■ **Activity**: An exact reproduction is needed of every line from the beginning of the data down to and including the line that contains "Voici un exemple", minus the pictures.
=== Extracted records ===
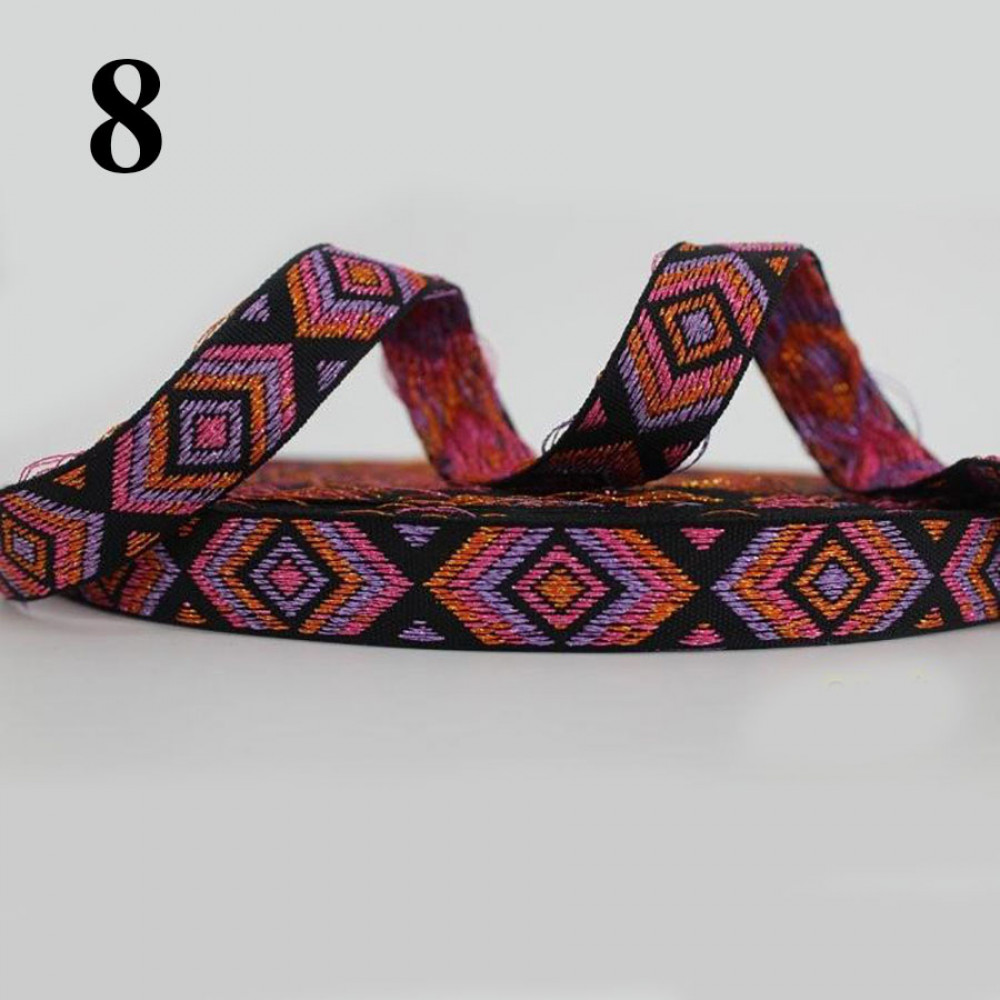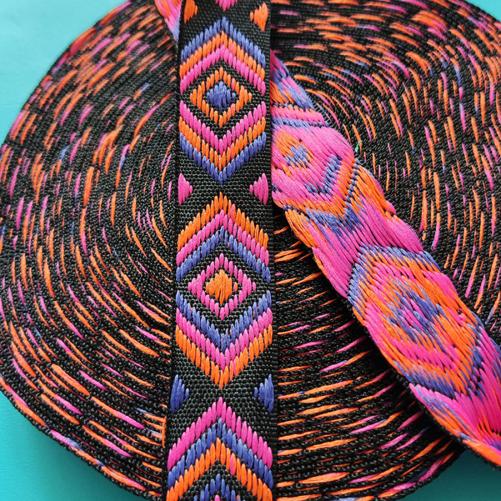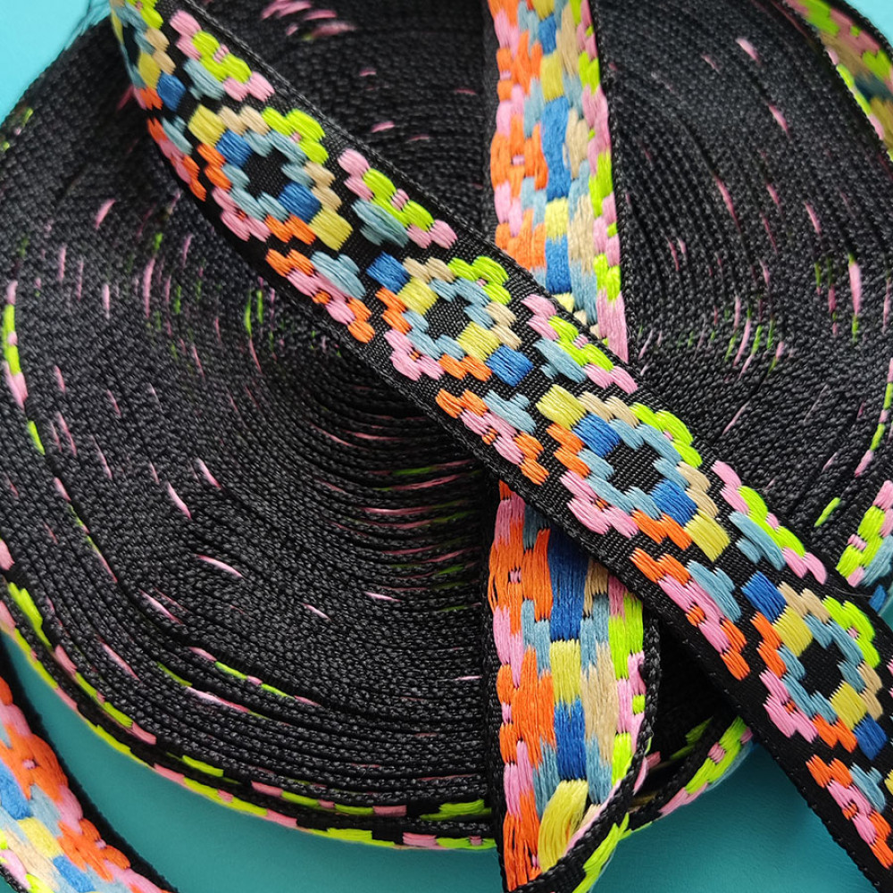 Текстильная галантерейная тесьма из синтетических волокон с вышивкой (рисунок односторонний). Яркое нарядное цветовое сочетание ленты украсит ваше изделие.
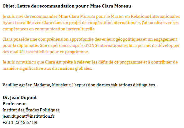 Voici un exemple complet de lettre de recommandation pour un programme de Master :
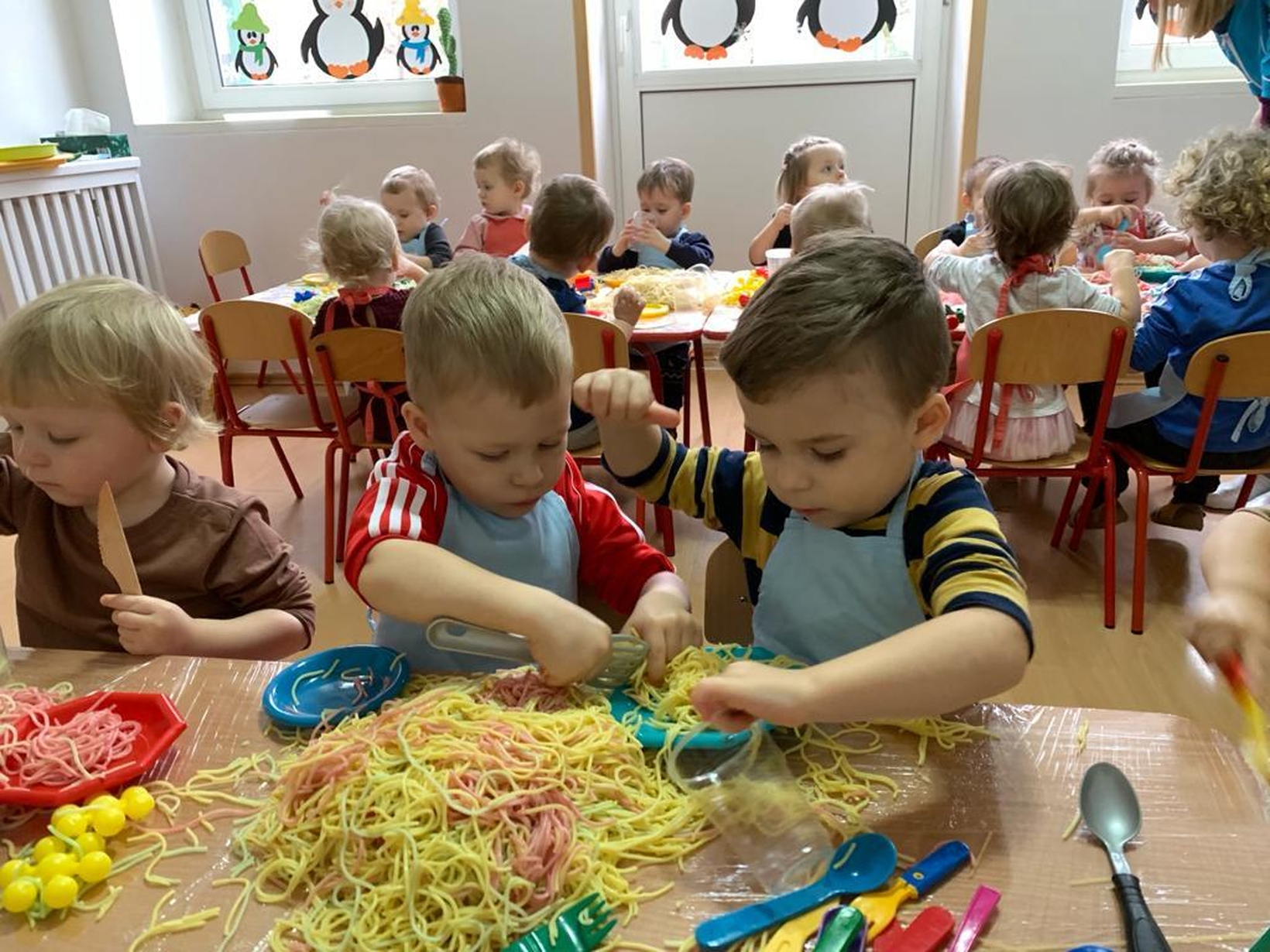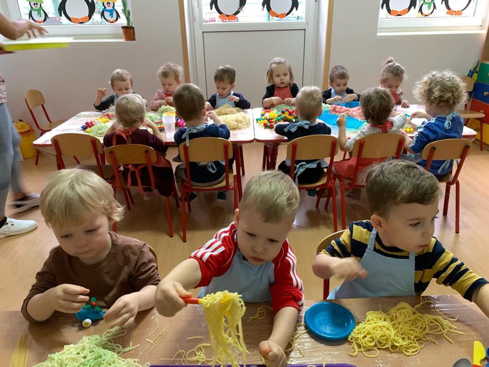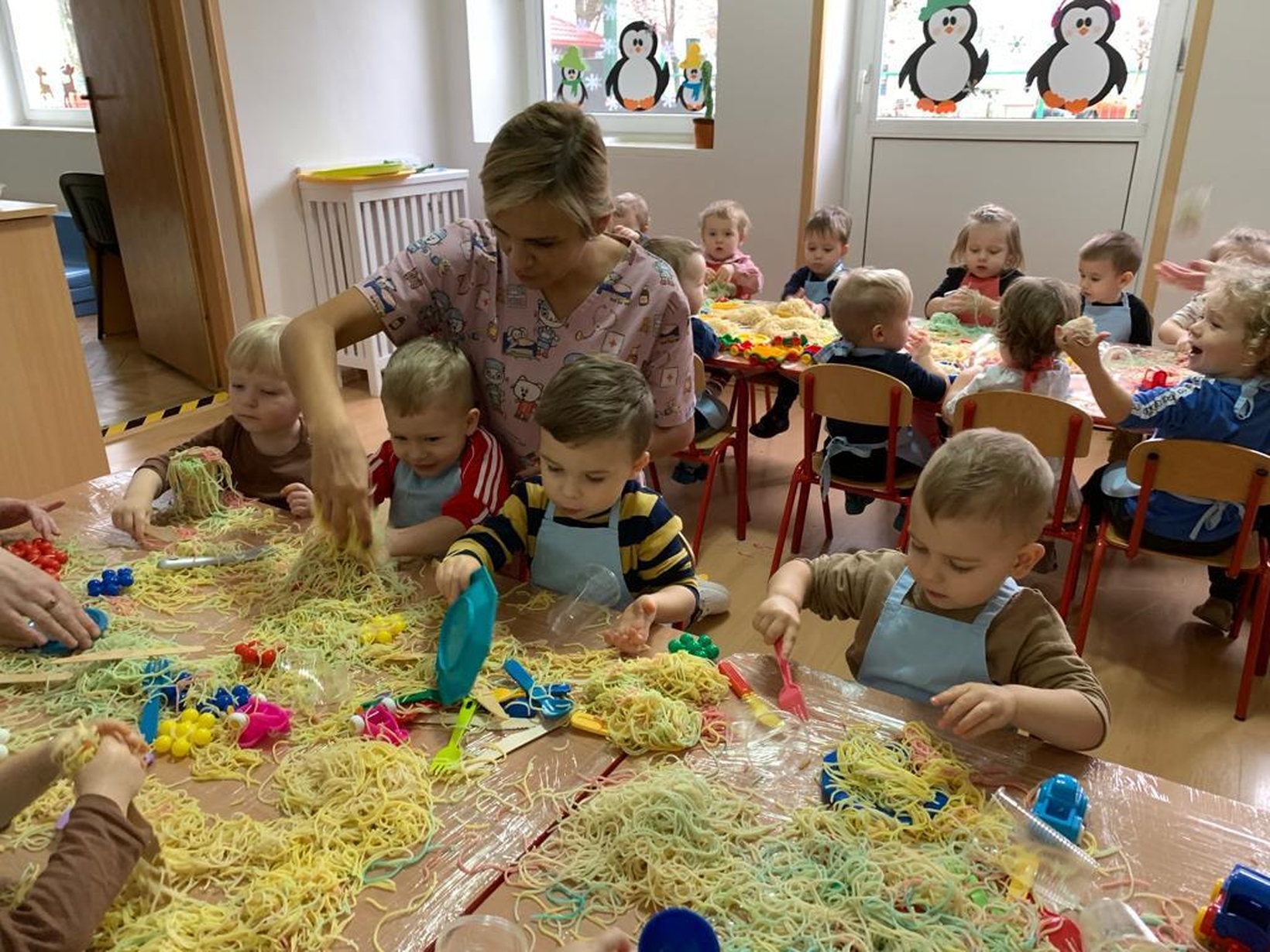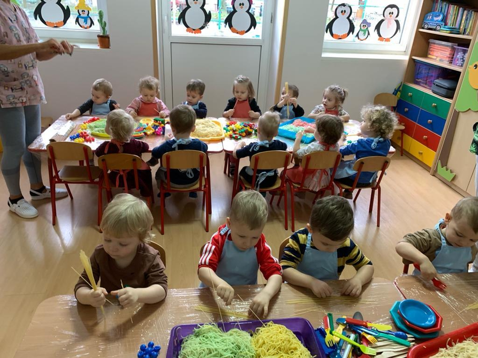 Makaron jest genialnym materiałem do tego typu zabaw. A że dziś obchodzimy dzień spagetti (według kalendarza świąt nietypowych),
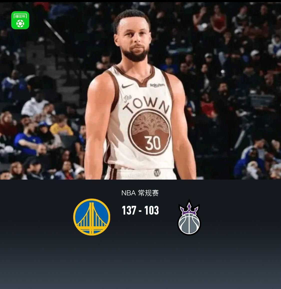 第四节,开节短暂拉锯之后国王再度断电,勇士波杰姆斯基、桑托斯、格林领衔一波23-8直接领先接连30分,后半节双方逐渐撤下主力进入练兵时间,勇士继续拉大分差至30分以上,全场结束,勇士137-103大胜国王。
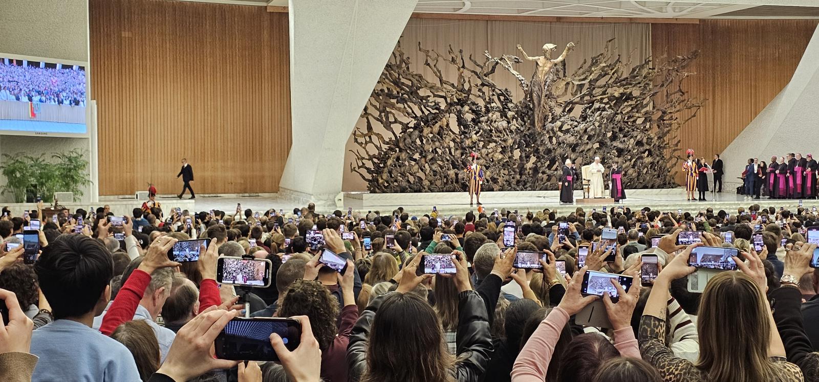 A zarándoklat egyik legmeghatározóbb élménye a pápai audiencián való részvétel volt. A IV. Pál teremben zarándokok sokasága gyűlt össze, köztük a diákotthon közössége is. Együtt imádkoztunk, majd figyelemmel és nyitott szívvel hallgattuk XIV. Leó pápa tanítását. A Szentatya közelsége, szavai és személyes jelenléte mindannyiunk számára különleges lelki megerősítést jelentett, és sokakban maradandó nyomot hagyott.
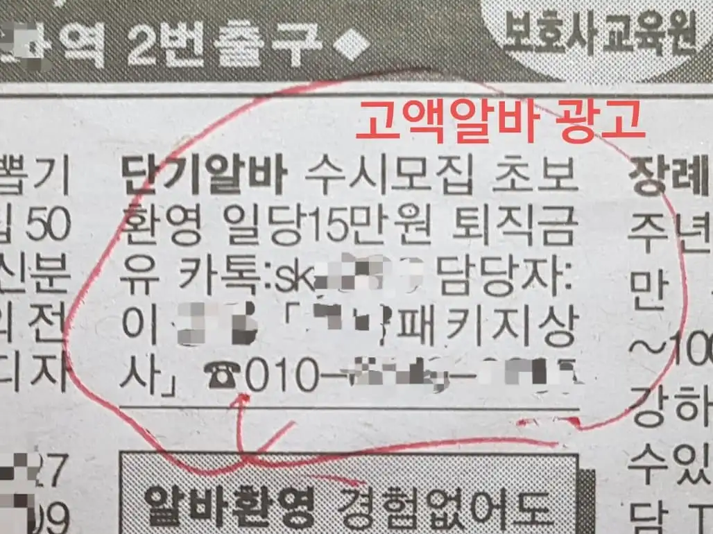 보이스피싱 조직이 구인구직 종이 신문에 낸 광고
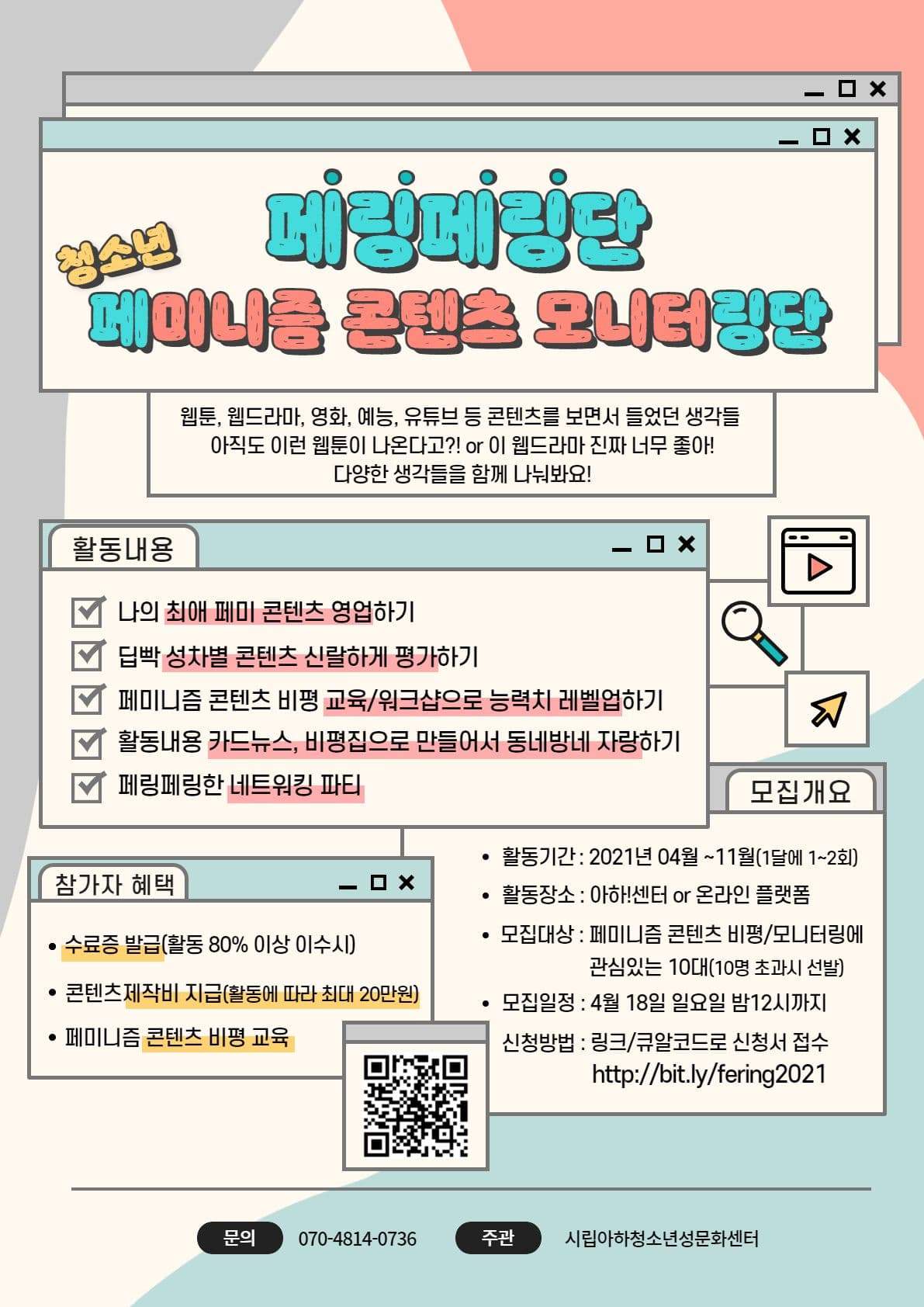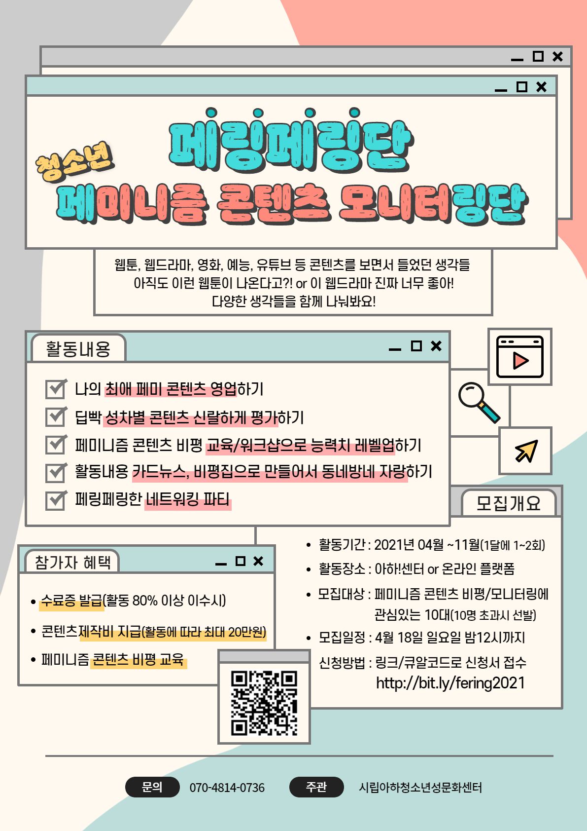- 모집대상: 페미니즘 콘텐츠 비평/모니터링에 관심있는 10대
===
■ **Result for this task**:
 Текстильная галантерейная тесьма из синтетических волокон с вышивкой (рисунок односторонний). Яркое нарядное цветовое сочетание ленты украсит ваше изделие.
 Voici un exemple complet de lettre de recommandation pour un programme de Master :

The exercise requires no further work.